*** Block opens ***

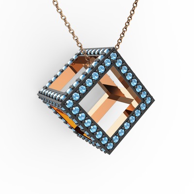 Akuamarin 14 ayar rose altın kolye (40 cm rose altın rolo zincir)
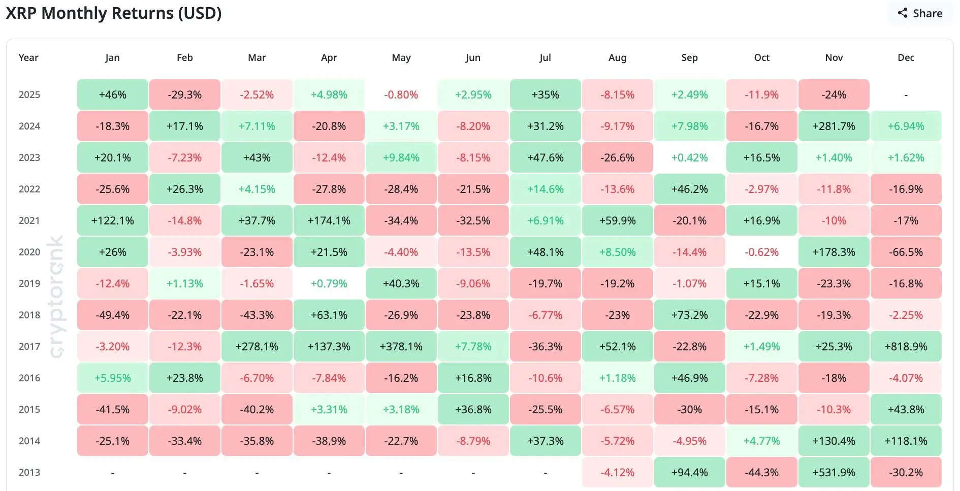ومع ذلك، لا يزال هناك مجال للتفاؤل. تشير تاريخ أسعار XRP إلى مفاجأة في نهاية العام: عائد متوسط قدره 69% في ديسمبر.
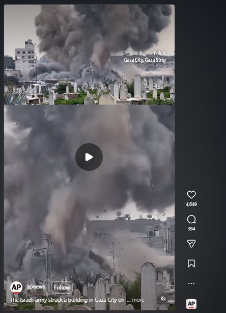 আনফালে এছোচিয়েটেড প্ৰেছৰ ইনষ্টাগ্ৰামতো আমি এই দৃশ্যটো পালোঁ। ৬ ফেব্ৰুৱাৰী ২০২৬ত আপলোড কৰা এই বাতৰিটোত লিখা হৈছিল- The Israeli army struck a building in Gaza City on Friday after issuing a warning. The building, near a cemetery in Zeitoun, was flattened on video. No casualties were reported as it had been evacuated. (শুকুৰবাৰে গাজা চহৰৰ এটা অট্টালিকাত সতৰ্কবাণী জাৰি কৰি ইজৰাইল সেনাই আঘাত হানে। জেইটাউনৰ এখন কবৰস্থানৰ সমীপত থকা এই অট্টালিকাটো সমতল কৰি তোলা হৈছে। ইয়াক খালী কৰা হৈছে বাবে কোনো লোকৰ মৃত্যুৰ খবৰ পোৱা নগ’ল।)
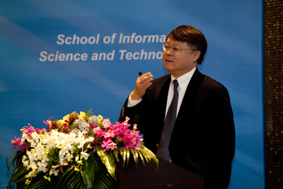 信息科学与技术学院丁峙教授主持了开幕式,并在会上代表信息科学与技术学院筹备小组,向与会嘉宾介绍了信息科学与技术学院的教学科研定位,展望了未来发展的方向和目前已经到位的师资和科研情况。
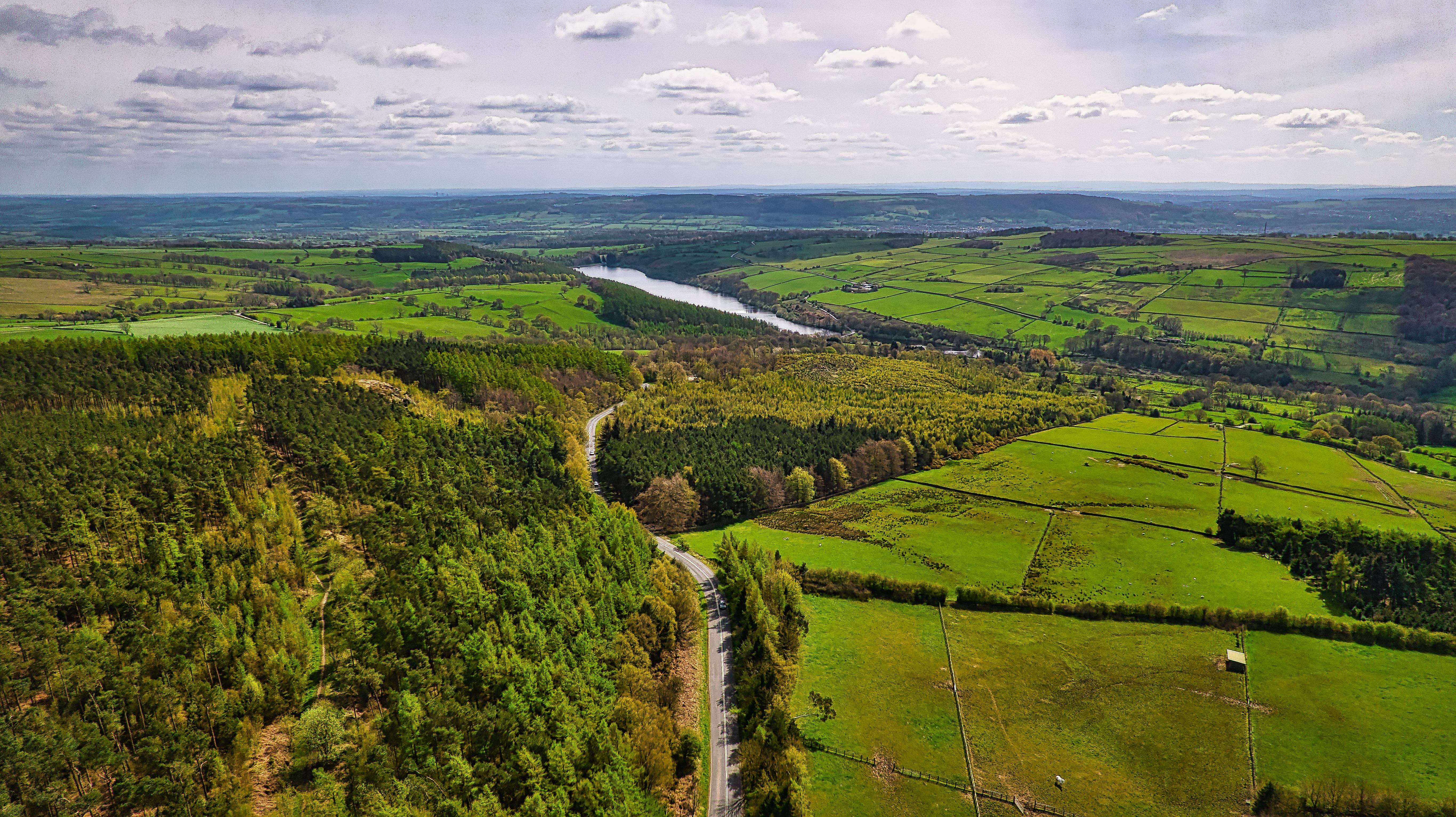 Aerial view of a lush landscape featuring a winding river, green fields, and dense forests under a partly cloudy sky.

*** Block closes ***

WORK TO COMPLETE
Return only the lines running from the top of the data to the line that holds "ومع ذلك، لا". Include both of those lines, but skip the pictures.

OUTPUT FOR THIS EXERCISE
 Akuamarin 14 ayar rose altın kolye (40 cm rose altın rolo zincir)
ومع ذلك، لا يزال هناك مجال للتفاؤل. تشير تاريخ أسعار XRP إلى مفاجأة في نهاية العام: عائد متوسط قدره 69% في ديسمبر.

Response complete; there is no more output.